Wu Zhi-Nian, Ji Ru, Xiao Ying, Wang Ya-Dong, Zhao Cai-Yan
Department of Infectious Diseases, The Hebei Medical University Third Hospital, Shijiazhuang 050051, Hebei Province, China.
World J Clin Cases. 2024 Aug 26;12(24):5589-5595. doi: 10.12998/wjcc.v12.i24.5589.
The complexity of immunoglobulin G4 (IgG4)-related diseases and their potential connection to hematologic malignancies remains unclear.
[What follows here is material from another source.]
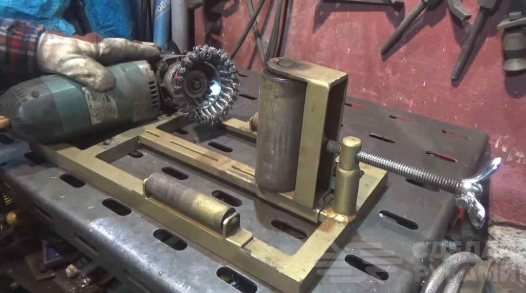 Очистка различных плоских металлических поверхностей может занять мало времени, но очистка профильных труб уже будет на порядок сложнее и дольше. В данном обзоре мы рассмотрим, как изготовить станок для чистки труб при помощи жесткой корд щетки и УШМ.

This article provided a review of the diagnosis and treatment of a patient with IgG4-related sclerosing cholangitis (SC) and essential thrombocythemia (ET), along with an analysis of relevant literature to enhance comprehension of this disease.
A 56-year-old male was admitted to two hospitals with deteriorating jaundice and pruritus prior to hospitalization. Beyond our expectations, the patient was first diagnosed with IgG4-SC and ET with the Janus kinase 2 V617F mutation. Interestingly, the administration of acetate prednisone significantly resulted in improvements in both IgG4-SC and ET. Clinicians need to pay attention to immune disorders and inflammation as they contribute to the development of various disease phenotypes.
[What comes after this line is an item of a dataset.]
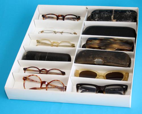 Drie dozen met twaalf compartimenten voor brillen.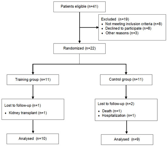 Three patients dropped out early from the trial due to death or hospitalisation or for kidney transplantation (Figure 1). The final analysis was performed on 10 patients for the RMT group and 9 for the C group. Additionally, this subsample of patients did not present any baseline difference.

When IgG4-SC is suspected without histopathological evidence, diagnostic therapy and long-term regular follow-up can lead to positive treatment outcomes. Clinicians should be mindful of the potential presence of concurrent hematologic diseases in patients with immune disorders.
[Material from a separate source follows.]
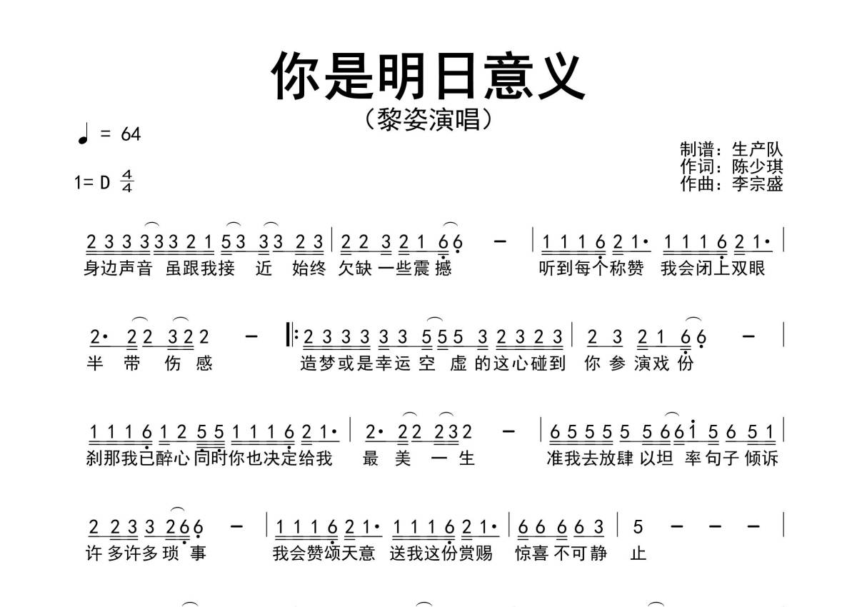 《你是明日意义》是黎姿演唱的一首歌曲,简谱,拍号为4/4拍,歌曲速度为每分钟64拍,这份简谱共有一张高清图谱,图谱由 @生产队 编配上传黎姿演唱的歌曲《你是明日意义》简谱。

免疫球蛋白G4(IgG4)相关疾病的复杂性及其与血液系统恶性肿瘤的潜在联系仍不明确。本文对一名患有IgG4相关硬化性胆管炎(SC)和原发性血小板增多症(ET)的患者的诊断和治疗进行了综述,并对相关文献进行分析,以增进对该疾病的理解。
一名56岁男性在入院前因黄疸和瘙痒加重入住两家医院。出乎我们意料的是,该患者最初被诊断为IgG4-SC和伴有Janus激酶2 V617F突变的ET。有趣的是,给予醋酸泼尼松显著改善了IgG4-SC和ET。临床医生需要关注免疫紊乱和炎症,因为它们会导致各种疾病表型的发展。
当怀疑IgG4-SC但无组织病理学证据时,诊断性治疗和长期定期随访可带来积极的治疗结果。临床医生应注意免疫紊乱患者中潜在并发血液系统疾病的存在。